Edit: Thanks for all the comments! My new understanding is that Solomonoff induction is able to understand that it is dealing with a random string (because it finds itself giving equal weight to programs that output a 1 or a 0 for the next bit), but despite that is designed to keep looking for a pattern forever. While this is a horrible use of resources, the SI is a theoretical framework that has infinite resources, so that's a meaningless criticism. Overall this seems acceptable, though if you want to actually implement a SI you'll need to instruct it on giving up. Furthermore, the SI will not include randomness as a distinct function in its hypothesis, which could lead to improper weighting of priors, but will still have good predictive power -- and considering that Solomonoff induction was only meant for computable functions, this is a pretty good result.
A truly perfectly random string isn't really interesting because nothing predicts it. So I'm going to talk about biased randomness.
I'm also going to assume we're working with the "outputs a single prediction" variant of Solomonoff Inductors, instead of the ones that output probability distributions (where the answer is kind of clearly "Yes they deal with it"). Oh, and I should note that Solomonoff Inductors are hilariously intractable, and unfortunately Cartesian in their workings.
With that aside...
Suppose you generate a random string by rolling a die and recording "Off" when it comes up 1, and "On" when it comes up 2,3,4,5, or 6. How well will a Solomonoff Inductor predict this sequence?
The thing to notice is that although the input is not algorithmic, it is compressible. Because "On" is so much more likely than "Off", we can save space by using shorter encodings for strings like "On On On" than for "Off Off Off". In fact, by using Arithmetic Coding, we can re-encode our sequences to use only 65% as many On/Off characters (on average).

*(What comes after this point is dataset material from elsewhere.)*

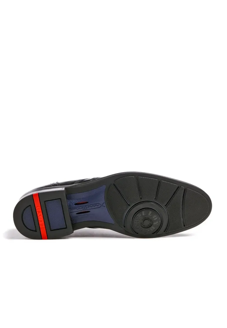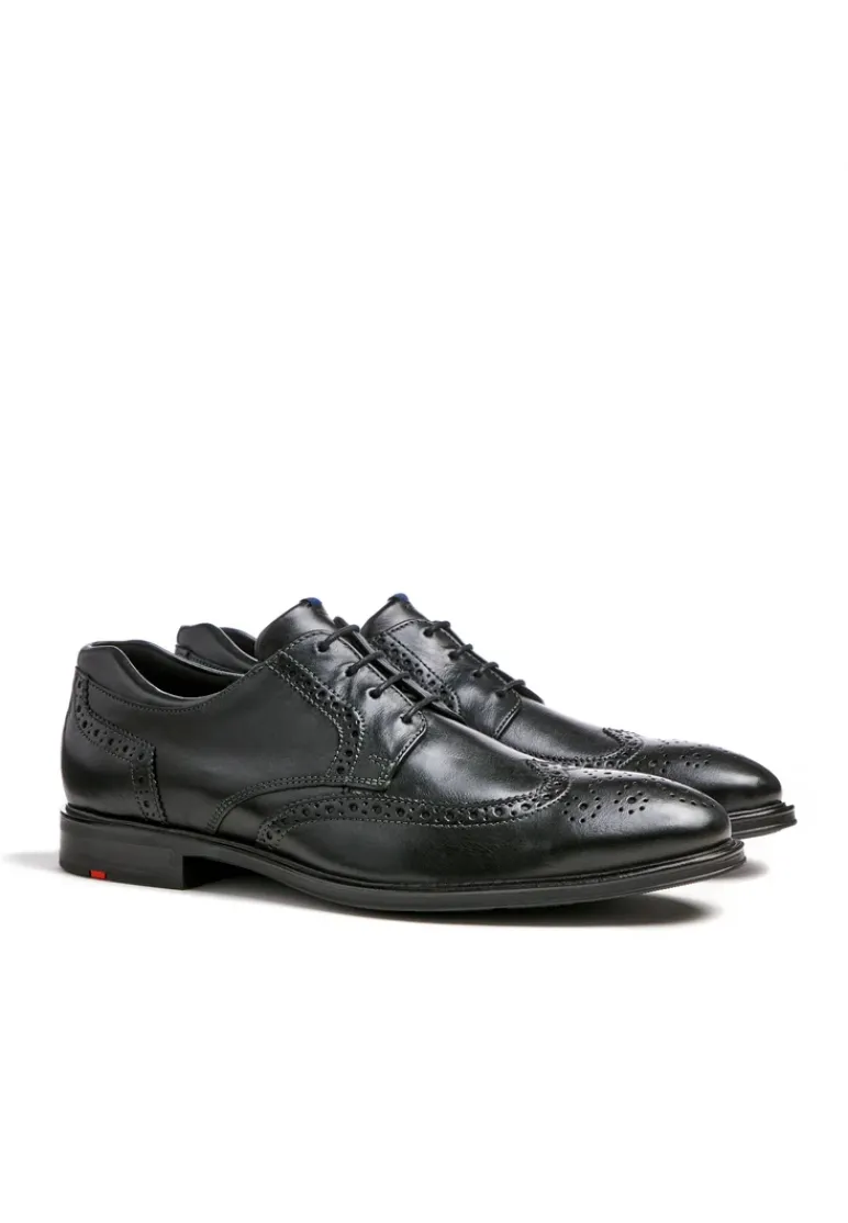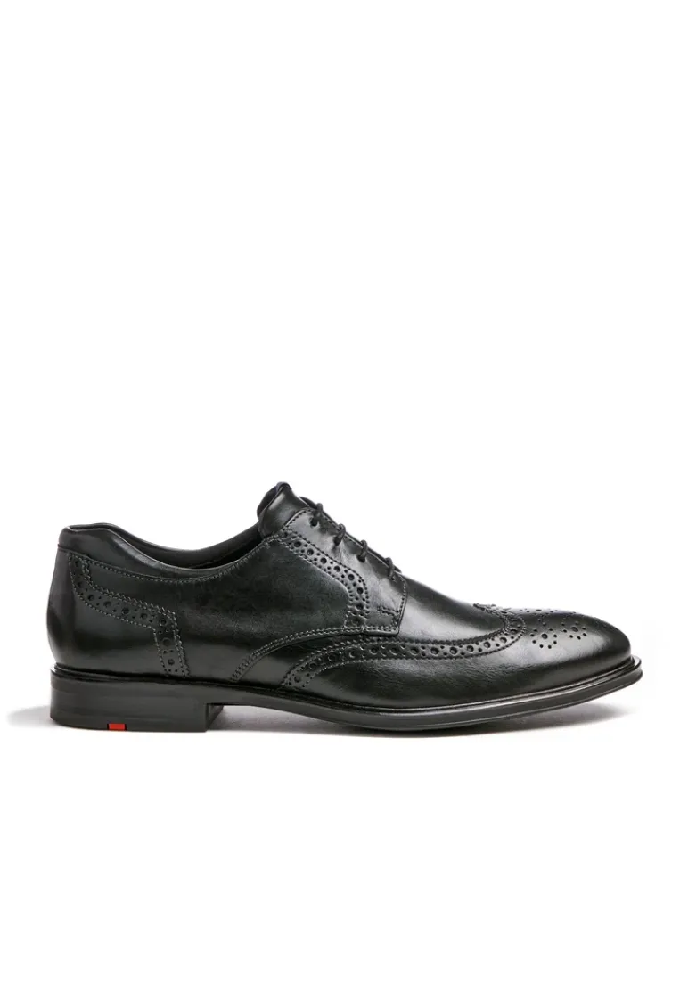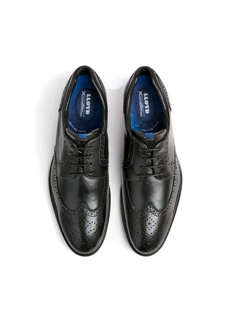 The LLOYD “MARIAN” Derby shoes made of black smooth leather impress with their high-quality style. A classic and elegant appearance is achieved with this shoe. The non-slip rubber sole is ideal for cushioning the foot when walking. The inner synthetic sole also ensures comfort during wear. The lacing and the soft smooth leather ensure a pleasant wearing comfort and the perfect fit. The lace-up shoes are breathable and comfortable thanks to the leather lining. The model has X-Motion technology, ensuring that the joints are stabilised and protected, since it is equipped with running shoe technology.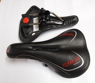 Selim TOTEM SADLE Vasado com Elastômero Fabricante: TOTEM Modelo: Vasado Material: exclusivo de Poliuretano Tipo: Com Elastomero Cor: Preto Peso: 600gr c/carrinho Dimensões: Comprimento 242mm x largura 150mm produto de alta qualidade.

When you do Solomonoff Induction, the next prediction is dominated by the shortest programs that haven't been eliminated. What will these programs look like in the case of our biased sequence? They will be a compressed encoding of the sequence, alongside a decoder. The encoding schemes that best match the input will dominate the predictions, and these will be the ones that model it as a biased random sequence and assume the right probability (like a well tuned arithmetic coder).
What do you get when you look at an arithmetic coder's next output, giving it a perfectly random input if it needs more data before producing another output? You get a biased random value. In our case it will be "On" about 5/6 of the time, and "Off" 1/6 of the time.
So, when the Solomonoff Inductor looks at the next output when making a prediction... a whole bunch of the shortest programs are outputting "On" 5/6 of the time and "Off" 1/6 of the time. Which will push the predictions towards the right probabilities! Instead of a single program determining the prediction, we get a huge group of programs working together to push the prediction in the right direction.
There will still be skew in the results. It's not hard to come up with program encodings that strongly favor "Off", for example. Nevertheless, there is at least some built-in functionality for dealing with randomness.
What do you mean? If you feed SI a stream of i.i.d. random bits which are 1 with probability 5/6 and 0 with probability 1/6, then SI's beliefs about the next bit will converge to the true distribution pretty fast, no matter what encoding of programs is used. The easiest way to see that is by noticing that the true distribution is computable (which just means the probability of any bit string is computable from that bit string), therefore it can't get a higher log score than SI in the long run (there's a general result saying that).